Task requirements →
Look through the data below and output, unchanged, every line from the one holding "这是一款经营题材的放置游戏,但你在这款游" through the one holding "4K関連では、キヤノンがCI", inclusive. Skip the pictures.

Data records →
*** Begin section ***

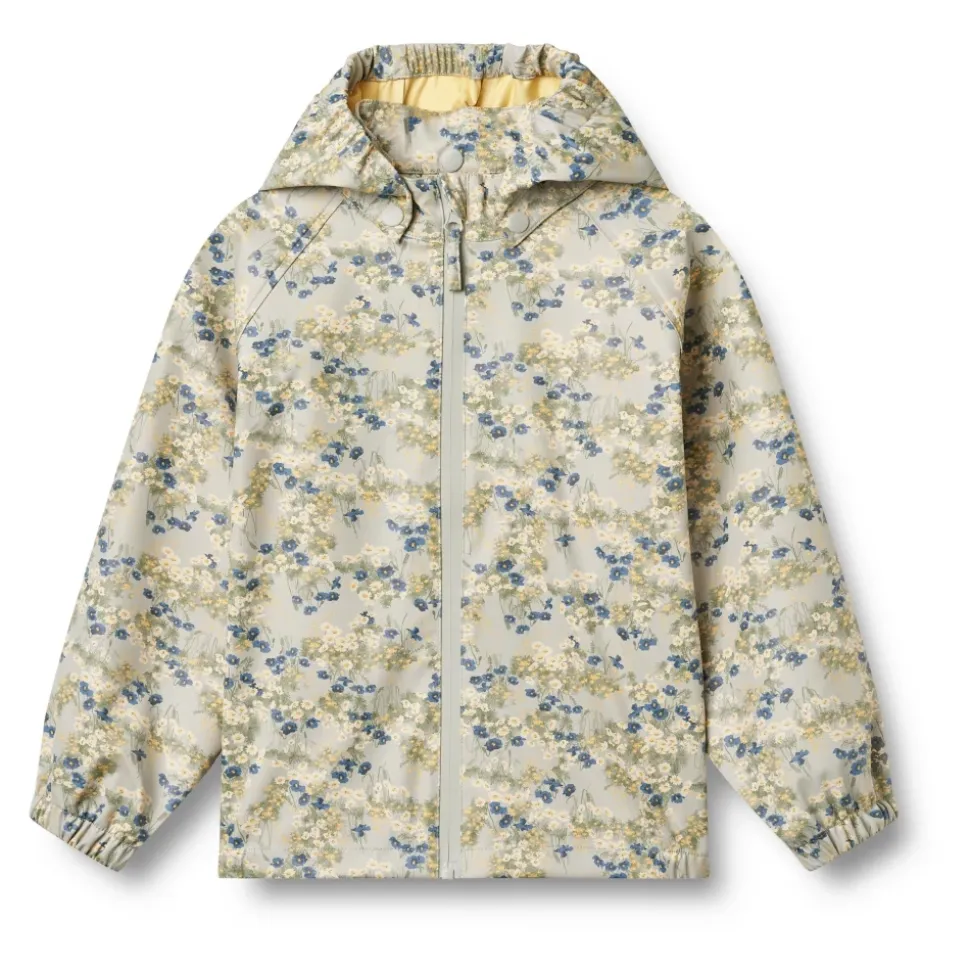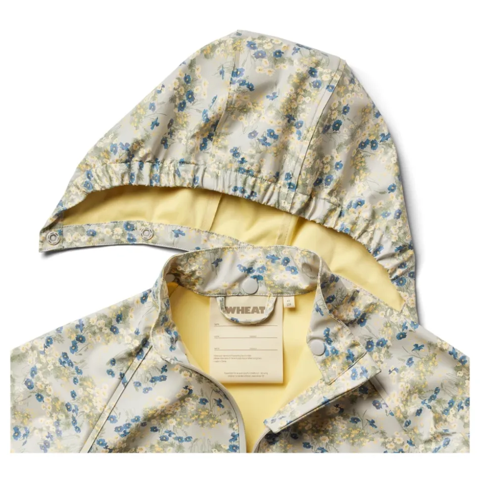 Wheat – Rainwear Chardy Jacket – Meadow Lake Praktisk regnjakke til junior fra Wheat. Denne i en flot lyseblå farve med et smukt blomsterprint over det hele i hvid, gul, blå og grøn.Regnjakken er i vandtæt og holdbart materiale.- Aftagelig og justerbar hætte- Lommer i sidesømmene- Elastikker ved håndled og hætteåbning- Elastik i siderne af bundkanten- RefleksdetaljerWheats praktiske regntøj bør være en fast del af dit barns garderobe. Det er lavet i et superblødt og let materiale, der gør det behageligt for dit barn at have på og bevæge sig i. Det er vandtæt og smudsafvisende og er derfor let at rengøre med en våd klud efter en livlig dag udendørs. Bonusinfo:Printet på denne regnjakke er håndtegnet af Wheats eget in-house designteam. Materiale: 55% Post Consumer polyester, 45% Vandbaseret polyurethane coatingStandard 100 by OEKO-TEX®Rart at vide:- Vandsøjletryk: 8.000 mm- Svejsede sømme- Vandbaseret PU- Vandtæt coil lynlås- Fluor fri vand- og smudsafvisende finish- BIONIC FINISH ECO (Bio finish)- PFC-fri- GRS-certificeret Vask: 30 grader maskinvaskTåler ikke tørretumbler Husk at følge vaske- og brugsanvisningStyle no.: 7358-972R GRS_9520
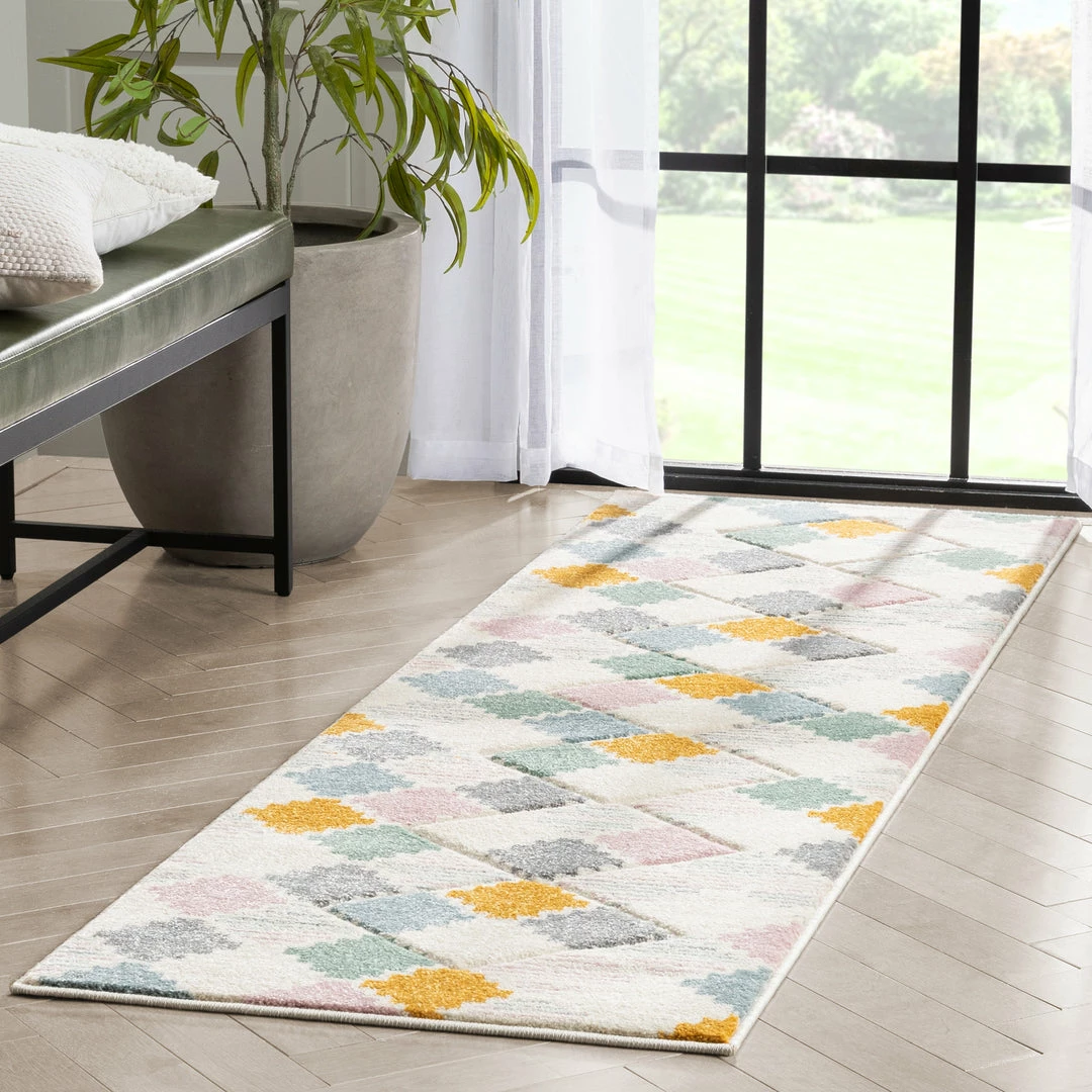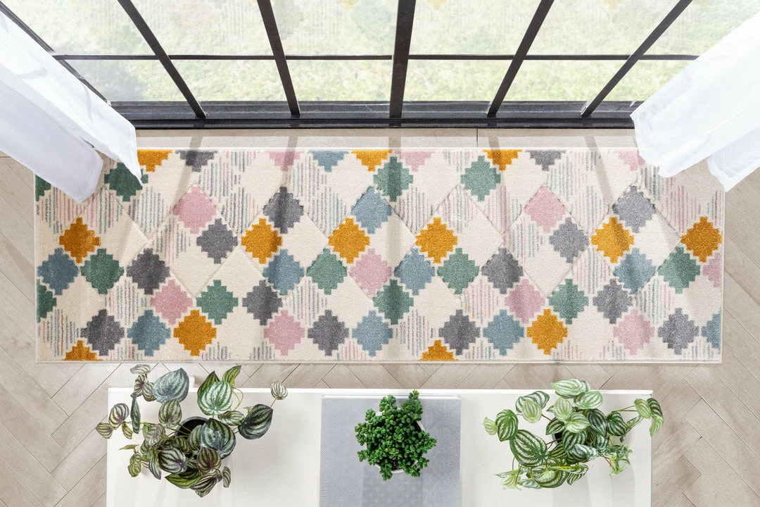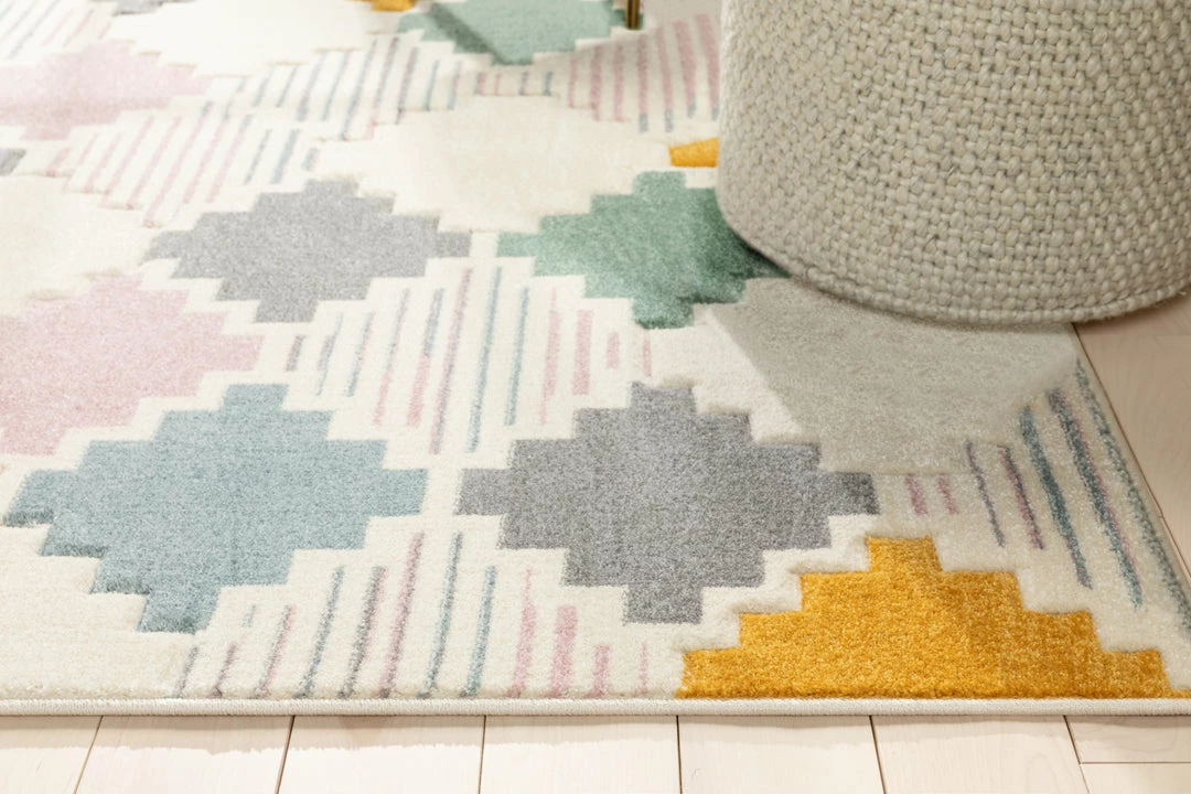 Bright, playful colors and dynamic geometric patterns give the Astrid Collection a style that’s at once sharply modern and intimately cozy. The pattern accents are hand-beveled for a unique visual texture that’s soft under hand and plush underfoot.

*** End section ***
*** Begin section ***

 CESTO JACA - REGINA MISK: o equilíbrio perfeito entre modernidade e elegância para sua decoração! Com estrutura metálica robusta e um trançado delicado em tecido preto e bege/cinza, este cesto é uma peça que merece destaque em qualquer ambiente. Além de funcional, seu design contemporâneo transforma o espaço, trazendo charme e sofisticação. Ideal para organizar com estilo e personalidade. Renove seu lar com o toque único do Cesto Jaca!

*** End section ***
*** Begin section ***

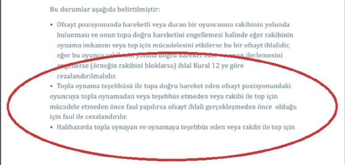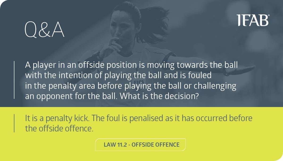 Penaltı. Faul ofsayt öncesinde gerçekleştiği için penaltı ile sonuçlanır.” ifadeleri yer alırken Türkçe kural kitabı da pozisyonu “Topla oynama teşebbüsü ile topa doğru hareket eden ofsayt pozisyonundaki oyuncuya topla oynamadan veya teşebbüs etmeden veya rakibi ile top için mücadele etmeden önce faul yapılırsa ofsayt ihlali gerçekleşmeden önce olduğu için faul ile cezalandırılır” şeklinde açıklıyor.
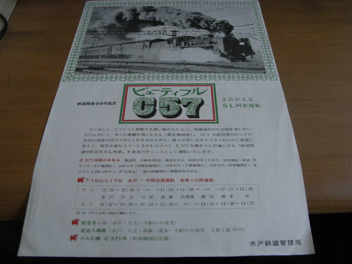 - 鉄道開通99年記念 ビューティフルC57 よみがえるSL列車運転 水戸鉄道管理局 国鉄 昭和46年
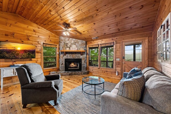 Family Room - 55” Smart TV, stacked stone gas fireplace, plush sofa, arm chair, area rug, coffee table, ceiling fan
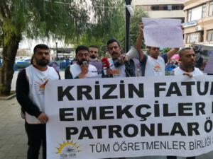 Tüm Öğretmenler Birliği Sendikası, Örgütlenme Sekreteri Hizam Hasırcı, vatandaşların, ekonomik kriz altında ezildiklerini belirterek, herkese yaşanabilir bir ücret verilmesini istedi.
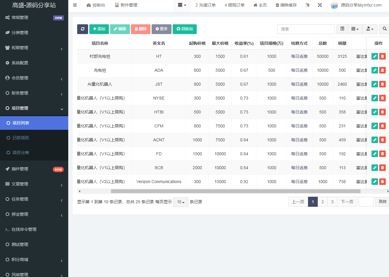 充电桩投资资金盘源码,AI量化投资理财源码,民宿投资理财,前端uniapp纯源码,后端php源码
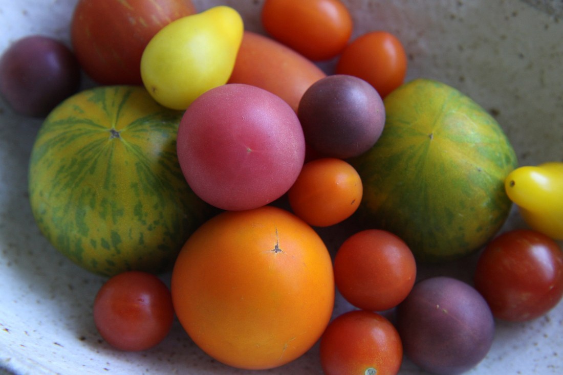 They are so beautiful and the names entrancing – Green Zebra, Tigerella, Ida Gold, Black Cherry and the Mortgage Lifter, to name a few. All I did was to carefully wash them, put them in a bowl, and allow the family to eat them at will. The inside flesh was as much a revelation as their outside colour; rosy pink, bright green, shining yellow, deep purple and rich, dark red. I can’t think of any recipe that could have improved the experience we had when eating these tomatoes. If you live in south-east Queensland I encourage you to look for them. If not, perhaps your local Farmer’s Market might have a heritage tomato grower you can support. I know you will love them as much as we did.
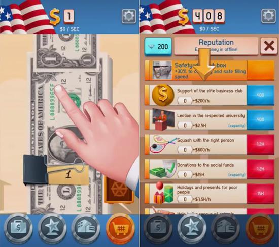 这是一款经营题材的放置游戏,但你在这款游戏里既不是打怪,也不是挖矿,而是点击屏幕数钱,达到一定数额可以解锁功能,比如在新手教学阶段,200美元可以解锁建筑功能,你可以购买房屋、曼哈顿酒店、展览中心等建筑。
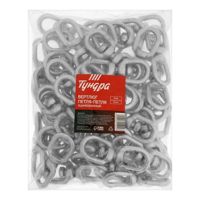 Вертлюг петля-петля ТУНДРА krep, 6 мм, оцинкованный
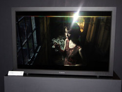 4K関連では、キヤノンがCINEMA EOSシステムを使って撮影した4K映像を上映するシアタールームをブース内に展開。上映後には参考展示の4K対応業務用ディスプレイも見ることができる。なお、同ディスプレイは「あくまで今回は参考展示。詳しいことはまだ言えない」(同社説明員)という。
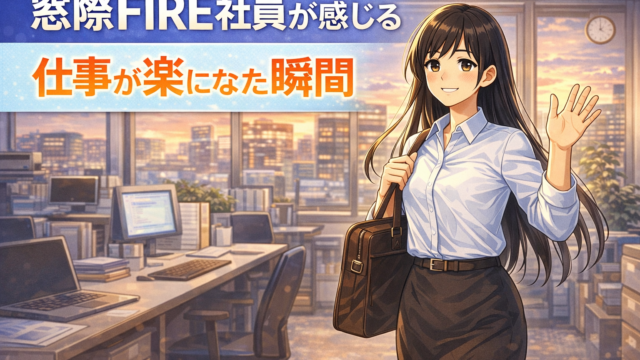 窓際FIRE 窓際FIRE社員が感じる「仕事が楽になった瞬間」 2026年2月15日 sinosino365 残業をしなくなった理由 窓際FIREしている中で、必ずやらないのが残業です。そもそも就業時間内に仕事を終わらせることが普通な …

*** End section ***

Answer to the problem →
 这是一款经营题材的放置游戏,但你在这款游戏里既不是打怪,也不是挖矿,而是点击屏幕数钱,达到一定数额可以解锁功能,比如在新手教学阶段,200美元可以解锁建筑功能,你可以购买房屋、曼哈顿酒店、展览中心等建筑。
 Вертлюг петля-петля ТУНДРА krep, 6 мм, оцинкованный
 4K関連では、キヤノンがCINEMA EOSシステムを使って撮影した4K映像を上映するシアタールームをブース内に展開。上映後には参考展示の4K対応業務用ディスプレイも見ることができる。なお、同ディスプレイは「あくまで今回は参考展示。詳しいことはまだ言えない」(同社説明員)という。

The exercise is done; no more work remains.